The DecisionMixin provides:

MethodPurpose
self.decision_success(steps, routing_context)Activate downstream steps by name
self.skip_branches(reason)Successful outcome with no follow-up steps
self.decision_failure(message)Decision could not be made (usually not retryable)

See Conditional Workflows for decision handler patterns in depth.

Batchable Handler

The Batchable mixin adds batch processing methods for splitting large workloads into parallel cursor-based batches.

When to use: Processing large datasets where you want to divide work across multiple parallel workers.

Workflow pattern:

  1. Analyzer step — determines total work and creates cursor configs that divide it into batches
  2. Worker steps — Tasker spawns parallel workers, each processing one batch
  3. Aggregator step — (optional) combines results from all workers

Analyzer

from tasker_core.step_handler import StepHandler
from tasker_core.batch_processing import Batchable


class CsvAnalyzerHandler(StepHandler, Batchable):
    handler_name = "analyze_csv"

    def call(self, context):
        total_rows = int(context.input_data.get("total_rows", 10000))

        outcome = self.create_batch_outcome(
            total_items=total_rows,
            batch_size=100,
        )
        return self.batch_analyzer_success(outcome)

Worker

class CsvBatchProcessorHandler(StepHandler, Batchable):
    handler_name = "process_csv_batch"

    def call(self, context):
        batch_context = self.get_batch_worker_context(context)
        cursor = batch_context.cursor

        # Process rows in the assigned range
        rows_processed = cursor.end_cursor - cursor.start_cursor

        return self.batch_worker_success(
            batch_context,
            result={"rows_processed": rows_processed},
        )

Aggregator

from tasker_core.batch_processing import Batchable, BatchAggregationScenario


class CsvResultsAggregatorHandler(StepHandler, Batchable):
    handler_name = "aggregate_csv_results"

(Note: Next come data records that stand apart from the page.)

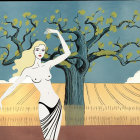 Stylized Nude Woman with Abstract Tree and Blue Sky
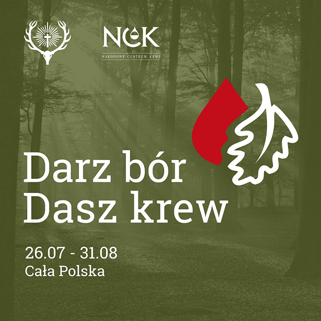 Od 26 lipca br. do końca sierpnia br. trwa ogólnopolska zbiórka krwi organizowana z inicjatywy Polskiego Związku Łowieckiego przy współpracy 21 Regionalnych Centrów Krwiodawstwa i Krwiolecznictwa. Podczas oddania krwi bądź jej składników należy podać hasło: „DARZ BÓR – DASZ KREW”.
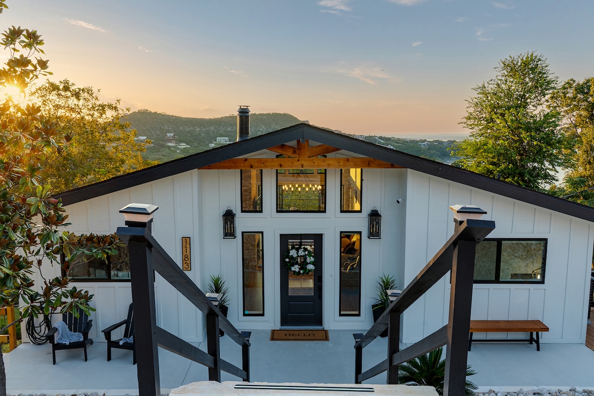 Want to feel as though you're staying in the mountains, but remain local to Texas? This is the spot for you. As you enter the property, you will drive up a hill that winds around a forestry of trees surrounding the property. At the top of the hill, you will be greeted by a modern home towering over the trees to provide an unforgettable view that overlooks rolling hills as far as you can see. It is truly a magical experience offering rest from the daily grind of normal life.
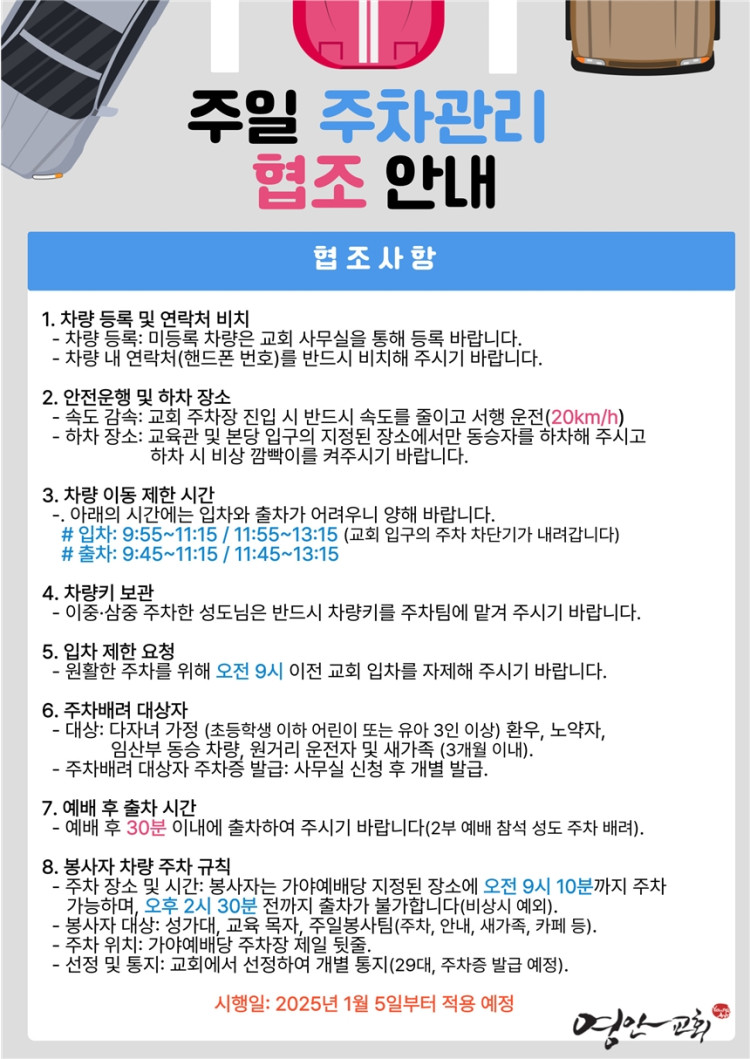 2025 주일 주차관리 협조 안내 (가야예배당) 페이지 정보 작성자 관리지기 작성일24-12-21 14:24 조회4,386회 댓글0건 관련링크 목록 본문 ◆ 2025 주일 주차관리 협조 안내 (가야예배당) 댓글목록 등록된 댓글이 없습니다. 목록
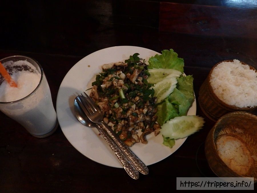 夕食はトリップアドバイザーで上位になっていた地元レストランOh La Laで食べる事にしました。ラープ・パーと言うラオスの代表料理です。パーは魚を意味し、鶏肉だとラープ・カイとなります。ラープは肉や魚をミンチにして香草等と混ぜたものです。現地の辛さがありましたが、抑え目だったので食べられました。味は美味しいです。
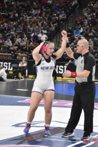 - Staff photo by Ari Selvey New Ulm Area’s Ellie Dake wins the third-place match of the State Individual Wrestling Tournament at 170 Saturday at Grand Casino Arena.
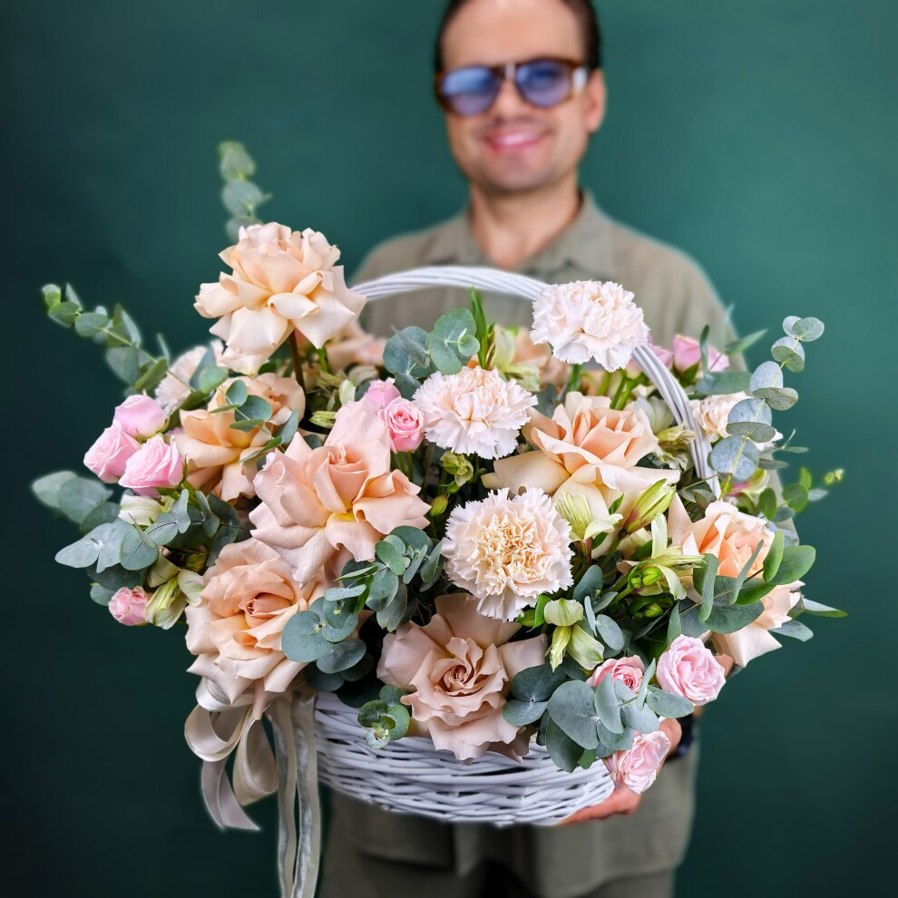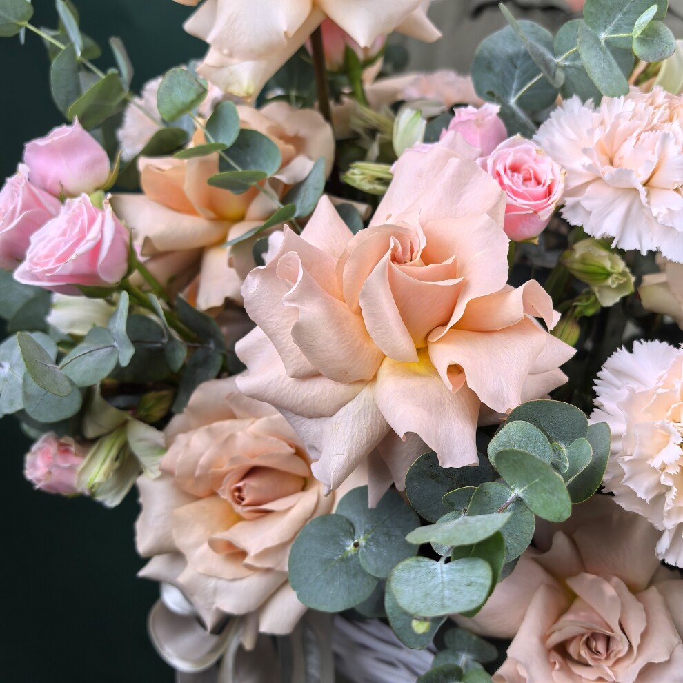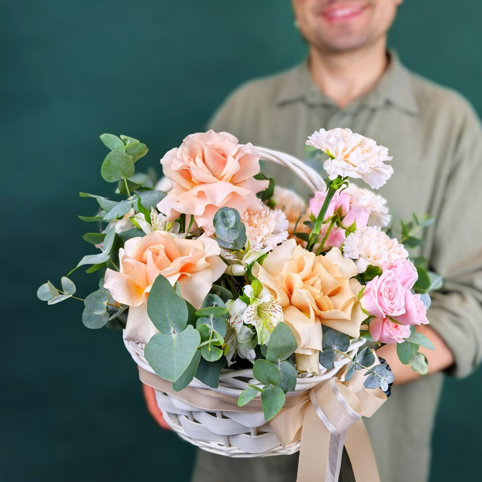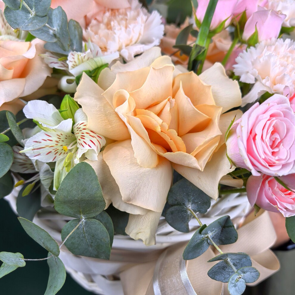 Зелёные листья эвкалипта добавляют свежести и природной гармонии, а аккуратная плетёная корзина подчёркивает элегантность букета.

    def call(self, context):
        scenario = BatchAggregationScenario.detect(
            context.dependency_results,
            "analyze_csv",
            "process_csv_batch_",
        )

        if scenario.is_no_batches:
            return self.success({"total_rows": 0, "skipped": True})

        total = sum(
            r.get("rows_processed", 0)
            for r in scenario.batch_results.values()
        )
        return self.success({
            "total_rows": total,
            "worker_count": scenario.worker_count,
        })

The Batchable mixin provides:

MethodRolePurpose
self.create_batch_outcome(total_items, batch_size)AnalyzerCreate cursor ranges dividing work into batches
self.batch_analyzer_success(outcome)AnalyzerReturn batch config for worker spawning
self.get_batch_worker_context(context)WorkerExtract cursor and batch metadata
self.batch_worker_success(batch_context, result)WorkerReturn per-batch results
BatchAggregationScenario.detect(...)AggregatorDetect whether batches ran and collect results

See Batch Processing for the full analyzer/worker/aggregator pattern with production examples.

Registering Class-Based Handlers

Handlers are resolved by matching the handler.callable field in task template YAML. The callable format varies by language:

LanguageFormatExample
RubyModule::ClassNameHandlers::ProcessOrderHandler
Pythonmodule.file.ClassNamehandlers.process_order_handler.ProcessOrderHandler
TypeScriptClassNameProcessOrderHandler
Rustfunction_nameprocess_order

See Handler Resolution for the full resolver chain and how callables are matched to handler implementations.